## DATASET EXTRACT
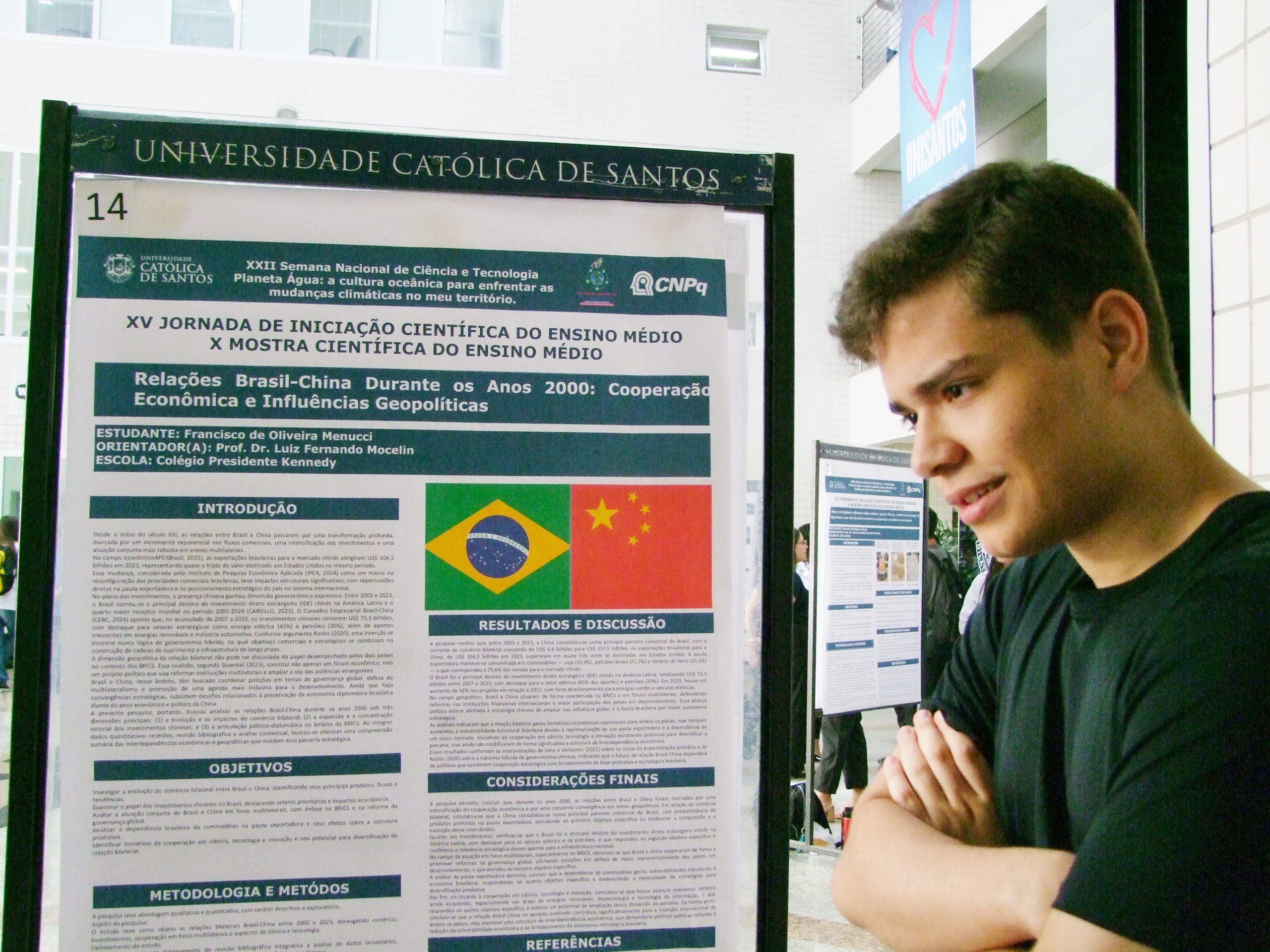Com o tema “Relações Brasil-China durante os anos 2000: cooperação econômica e influências geopolíticas”, Francisco, que foi orientado pelo professor mestre Luis Fernando Mocelin Sperancete, analisou as relações comerciais entre os dois países, e examinou os investimentos chineses e a cooperação entre ambos nos meios científico, tecnológico e inovador. De acordo com ele, foi possível ver que a China, entre 2003 e 2023, se tornou o principal parceiro do Brasil e que os negócios renderam frutos para as duas nações.
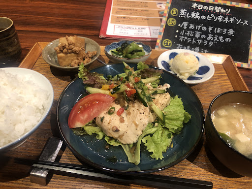 Read more宇佐町の裏通りにある隠れた名店。 場所がわかりにくく、コスモス薬局宇佐町店の裏手にひっそりとあります。 入り口はこじんまりとしてますが、中にはいると別空間。おしゃれな店内と奥にはおしゃれな雑貨がたくさん広がります。 メニューは少なめですが、日替わり定食を頼めば十分です。 素材の味を活かした野菜の小鉢3品にメイン。それととってもおいしい味噌汁がついてきます。 夕食で利用させていただきましたが、昼はランチやカフェとして、オードブルのみの仕出しなんかもやっており、ほんとにいろんな場面で...
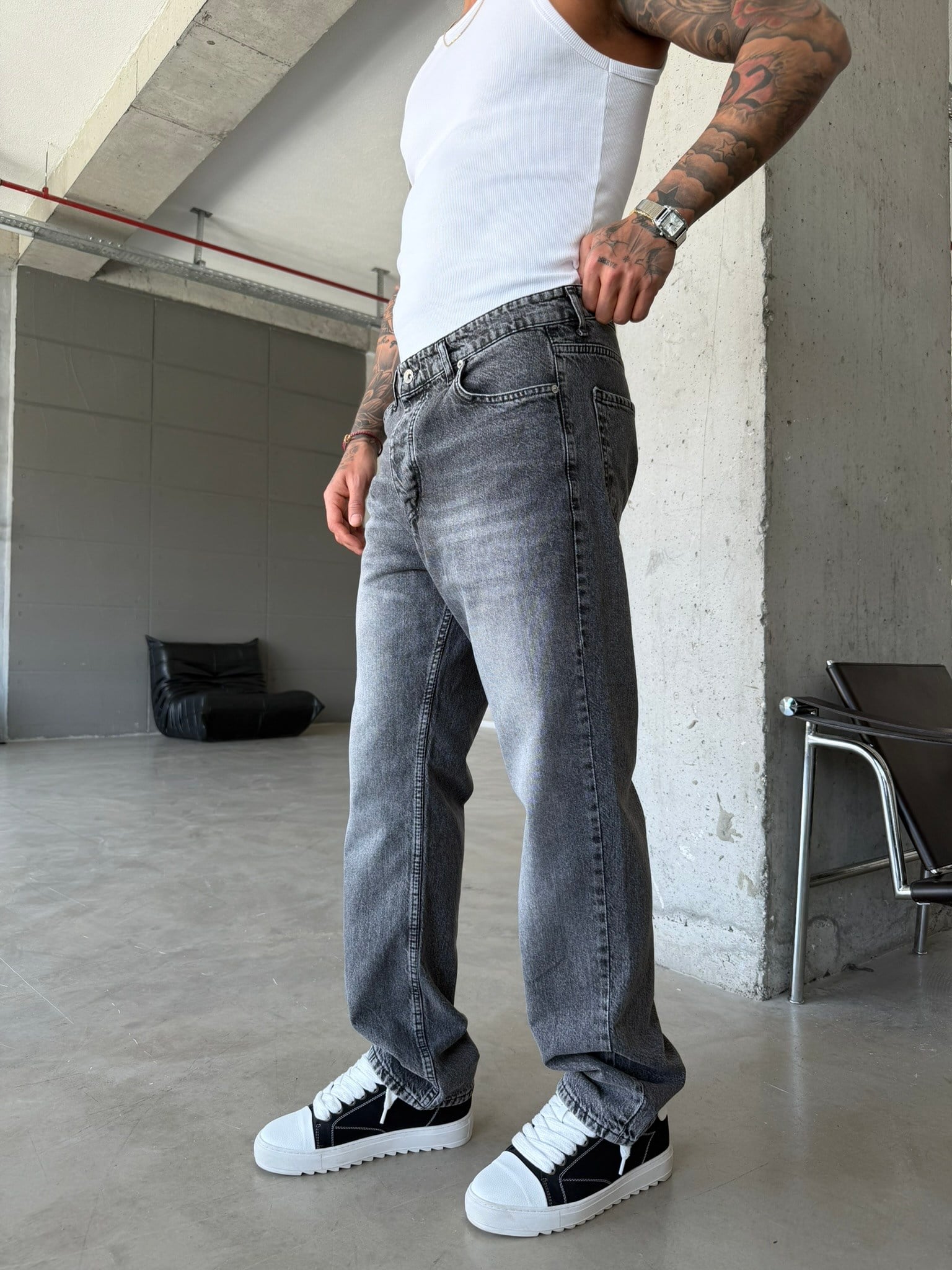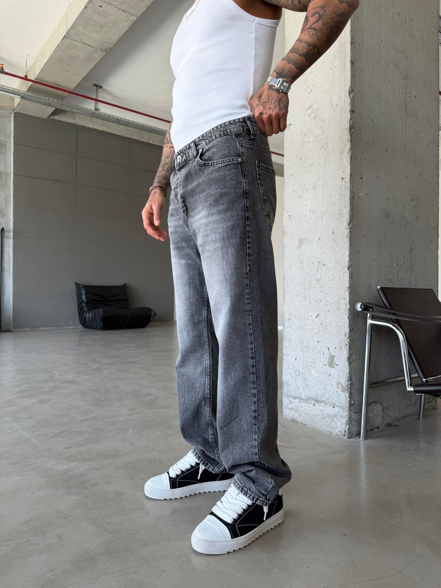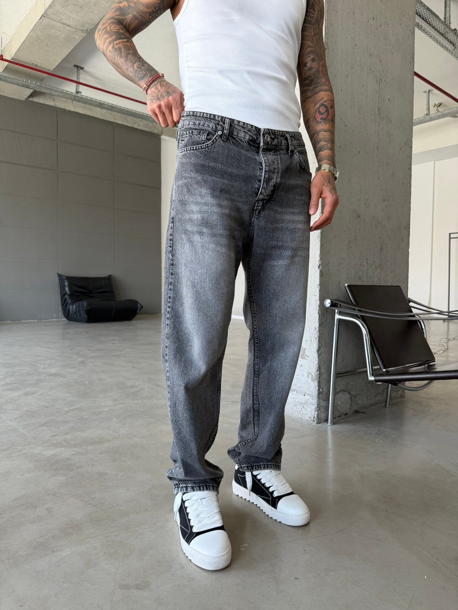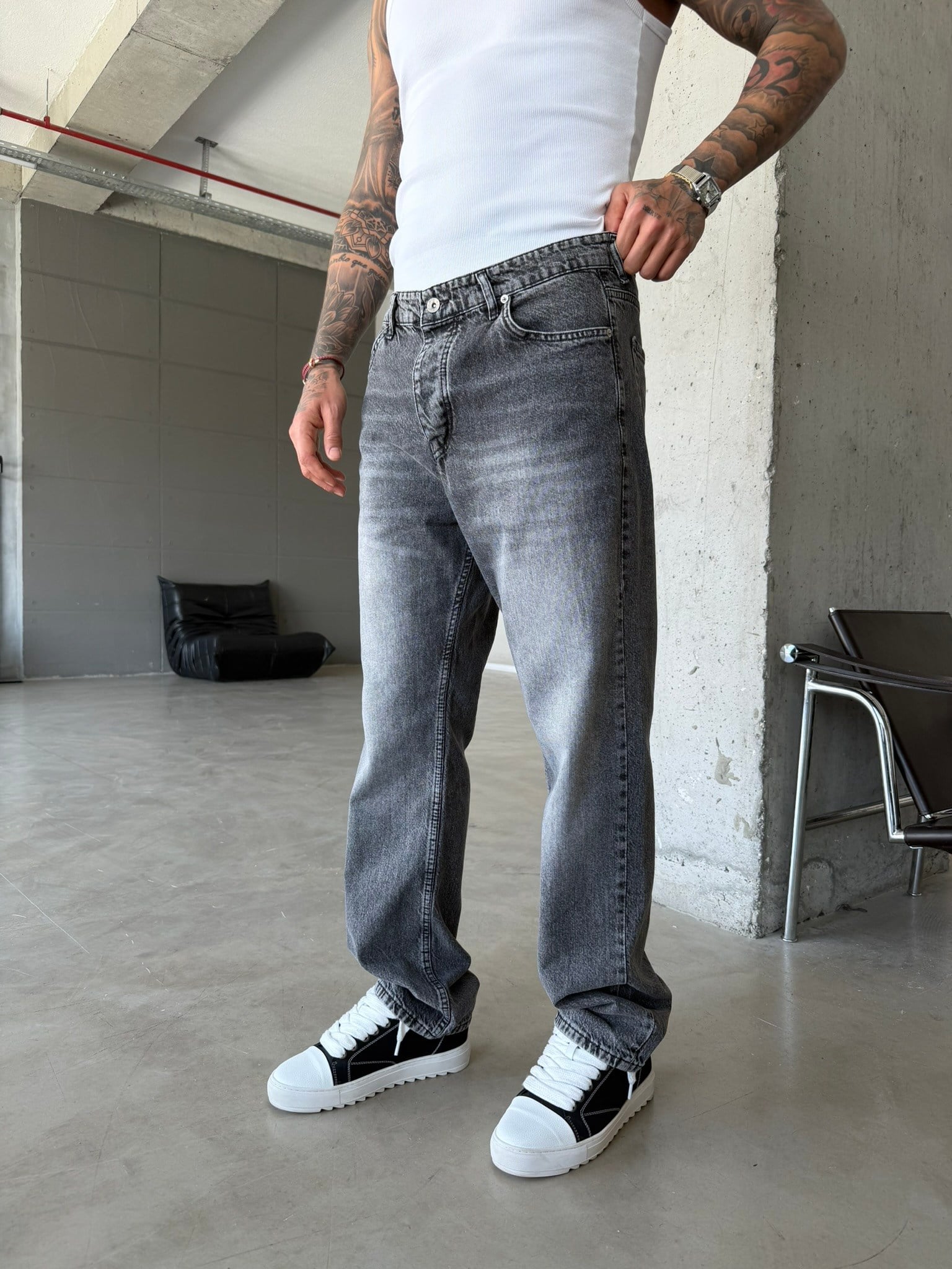 Yıkamalı Basic Baggy Fit Pantolon - Gri (PNT.0148-Gri-29)
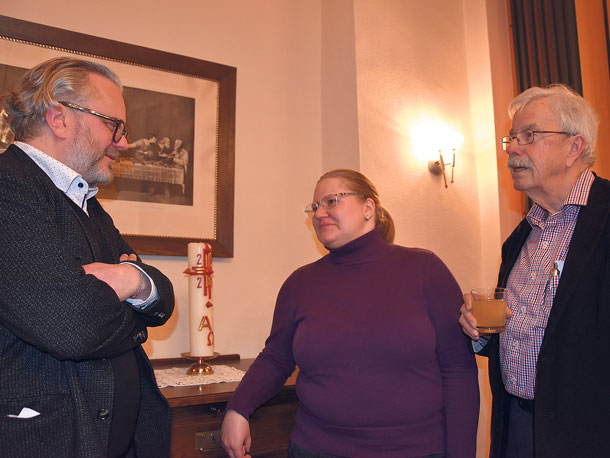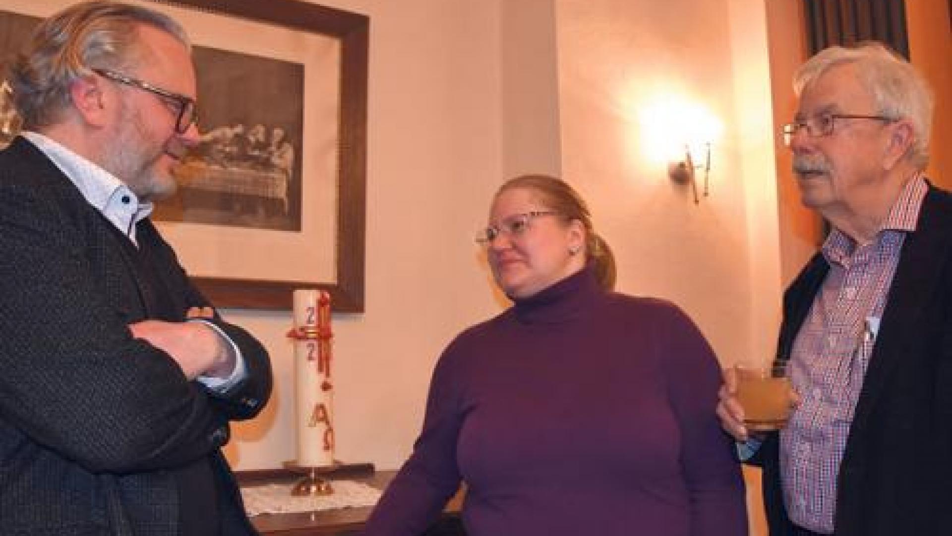 | Markus Thurau (links) im Gespräch mit den Köthener Kolping-Vorstandsmitgliedern Hans-Martin Riemen und Christina Gießler. Foto: Dorothee Wanzek |
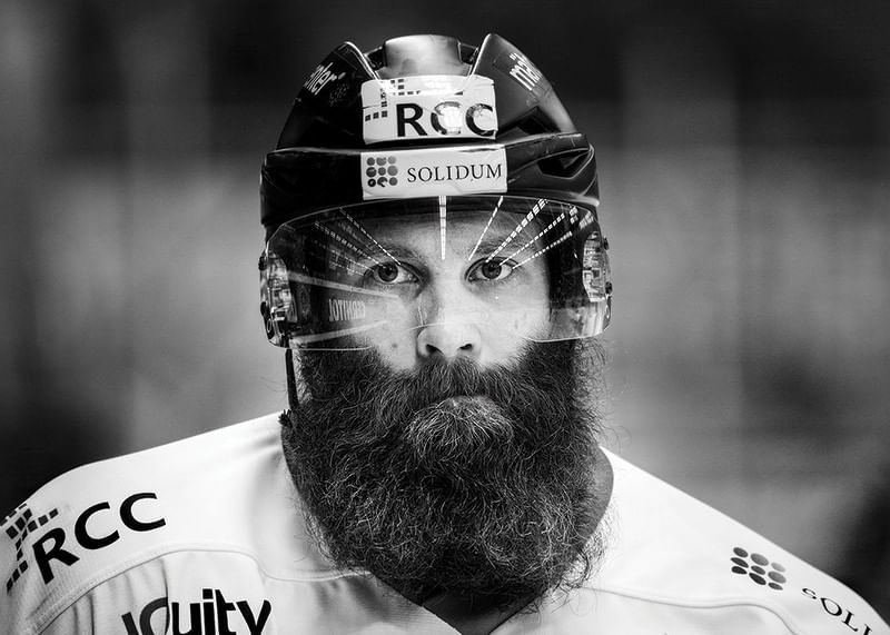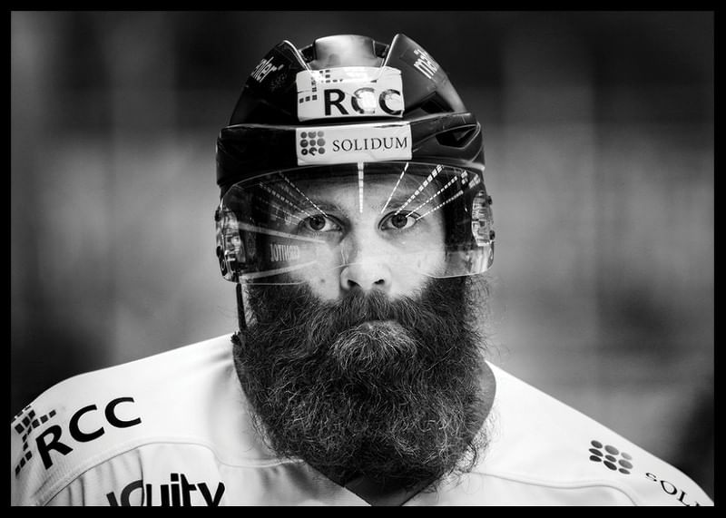 Ishockey, Kvalserien, Rögle - Örebro: Emil Kåberg, Örebro, med ett gediget skägg.
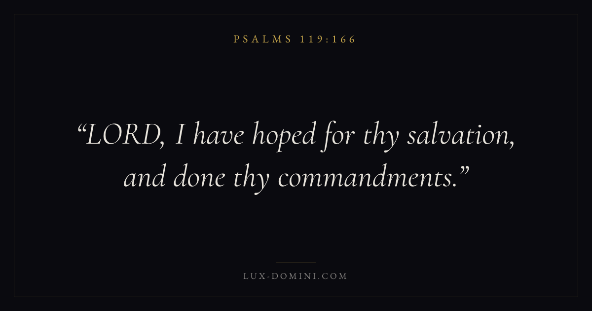 Books / Psalms / Chapter 119 / Verse 166 ← Psalms 119:165 Psalms 119:166 Psalms 119:167 → LORD, I have hoped for thy salvation, and done thy commandments. Download verse card Share on Twitter Share on Facebook Pin it ✦ Key themes FaithPrayerSalvationTruthPraise Read with Hebrews 11:1Romans 10:17Matthew 6:9Luke 18:1 Related topics Bible verses about faithBible verses about prayerBible verses about salvationBible verses about truthBible verses about thankfulness and gratitude ✦ Psalms Chapter 119 verses V. 1 V. 2 V. 3 V. 4 V. 5 V. 6 V. 7 V. 8 V. 9 V. 10 V. 11 V. 12 V. 13 V. 14 V. 15 V. 16 V. 17 V. 18 V. 19 V. 20 V. 21 V. 22 V. 23 V. 24 V. 25 V. 26 V. 27 V. 28 V. 29 V. 30 V. 31 V. 32 V. 33 V. 34 V. 35 V. 36 V. 37 V. 38 V. 39 V. 40 V. 41 V. 42 V. 43 V. 44 V. 45 V. 46 V. 47 V. 48 V. 49 V. 50 V. 51 V. 52 V. 53 V. 54 V. 55 V. 56 V. 57 V. 58 V. 59 V. 60 V. 61 V. 62 V. 63 V. 64 V. 65 V. 66 V. 67 V. 68 V. 69 V. 70 V. 71 V. 72 V. 73 V. 74 V. 75 V. 76 V. 77 V. 78 V. 79 V. 80 V. 81 V. 82 V. 83 V. 84 V. 85 V. 86 V. 87 V. 88 V. 89 V. 90 V. 91 V. 92 V. 93 V. 94 V. 95 V. 96 V. 97 V. 98 V. 99 V. 100 V. 101 V. 102 V. 103 V. 104 V. 105 V. 106 V. 107 V. 108 V. 109 V. 110 V. 111 V. 112 V. 113 V. 114 V. 115 V. 116 V. 117 V. 118 V. 119 V. 120 V. 121 V. 122 V. 123 V. 124 V. 125 V. 126 V. 127 V. 128 V. 129 V. 130 V. 131 V. 132 V. 133 V. 134 V. 135 V. 136 V. 137 V. 138 V. 139 V. 140 V. 141 V. 142 V. 143 V. 144 V. 145 V. 146 V. 147 V. 148 V. 149 V. 150 V. 151 V. 152 V. 153 V. 154 V. 155 V. 156 V. 157 V. 158 V. 159 V. 160 V. 161 V. 162 V. 163 V. 164 V. 165 V. 166 V. 167 V. 168 V. 169 V. 170 V. 171 V. 172 V. 173 V. 174 V. 175 V. 176

## DIRECTIONS
What you return must match, character for character, the lines above from the one with "Yıkamalı Basic Baggy" through the one with "Ishockey, Kvalserien, Rögle", minus any pictures.

## RESULT FOR THIS EXERCISE
 Yıkamalı Basic Baggy Fit Pantolon - Gri (PNT.0148-Gri-29)
 | Markus Thurau (links) im Gespräch mit den Köthener Kolping-Vorstandsmitgliedern Hans-Martin Riemen und Christina Gießler. Foto: Dorothee Wanzek |
 Ishockey, Kvalserien, Rögle - Örebro: Emil Kåberg, Örebro, med ett gediget skägg.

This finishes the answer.